What you'd actually do

Design and implement production-grade AI platform architectures on Kubernetes and public cloud infrastructure (AWS, Azure, and GCP).

Partner directly with customer platform, infrastructure, and ML engineering teams to deploy, operate, and optimize distributed AI workloads.

Lead implementation engagements that include platform installation, networking, security, observability, scaling, upgrades, and operational readiness.

Troubleshoot complex distributed systems issues spanning infrastructure, Kubernetes, networking, storage, and AI applications.

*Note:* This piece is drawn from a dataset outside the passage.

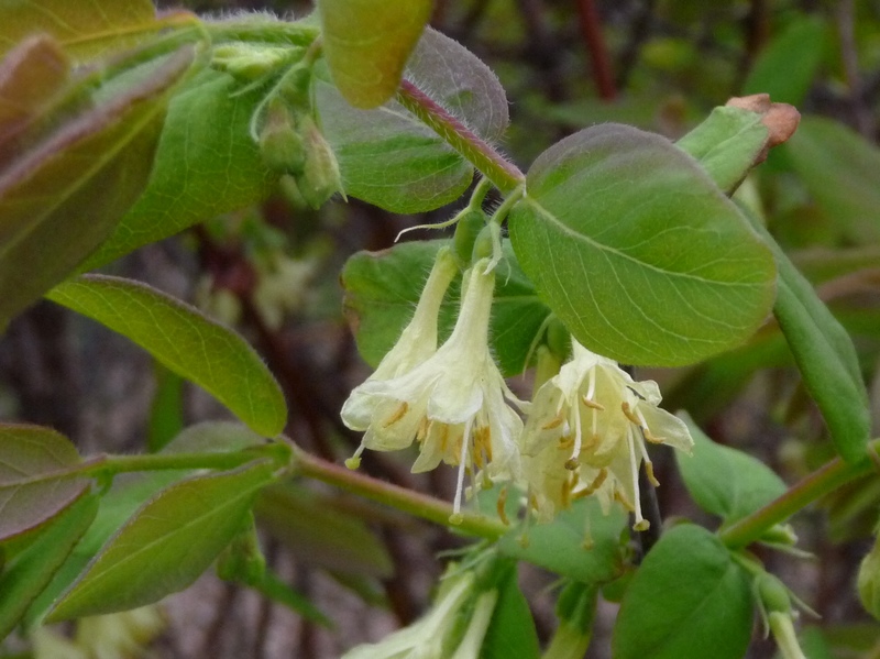 Lonicera caerulea has been blooming since mid March.  The flowers are not that beautiful, but they bloom even before any pussywillows produce pollen, so they are very welcoming for early foraging bees.  This one is one of the early varieties (circa 1996?) called 'Czech no. 17' (Berry Blue™).

Develop automation, tooling, reference implementations, and infrastructure-as-code that accelerate customer success and improve repeatability.

Skills

Required

5+ years of experience in cloud infrastructure, platform engineering, DevOps, Site Reliability Engineering, or software engineering.
Experience building, deploying, or operating ML/AI platforms that support model training, inference, or large-scale data processing workloads.
Strong expertise with Kubernetes and containerized production environments.
Experience operating cloud infrastructure on AWS, Azure, or GCP, including networking, security, IAM, storage, and infrastructure automation.
Experience with Infrastructure as Code and modern DevOps tooling such as Terraform, Helm, GitOps, CI/CD pipelines, or similar technologies.
Strong software engineering skills in Python, Go, Java, or a comparable language, with experience building automation or production services.
Experience working directly with enterprise customers in consulting, professional services, field engineering, solutions architecture, or another customer-facing engineering role.
Excellent communication skills and the ability to work effectively with both executive and deeply technical stakeholders.

Nice to have

Familiarity with distributed computing frameworks such as Ray, Spark, Dask, or Kubernetes-native distributed systems is a strong plus.
A passion for solving difficult customer problems and building reusable technical solutions.
Willingness to travel as needed to work alongside strategic customers.

At Anyscale, we're on a mission to democratize distributed computing and make it accessible to software developers of all skill levels. We’re commercializing Ray, a popular open-source project that's creating an ecosystem of libraries for scalable machine learning. Companies like OpenAI, Uber, Spotify, Instacart, Cruise, and many more, have Ray in their tech stacks to accelerate the progress of AI applications out into the real world.

With Anyscale, we’re building the best place to run Ray, so that any developer or data scientist can scale an ML application from their laptop to the cluster without needing to be a distributed systems expert.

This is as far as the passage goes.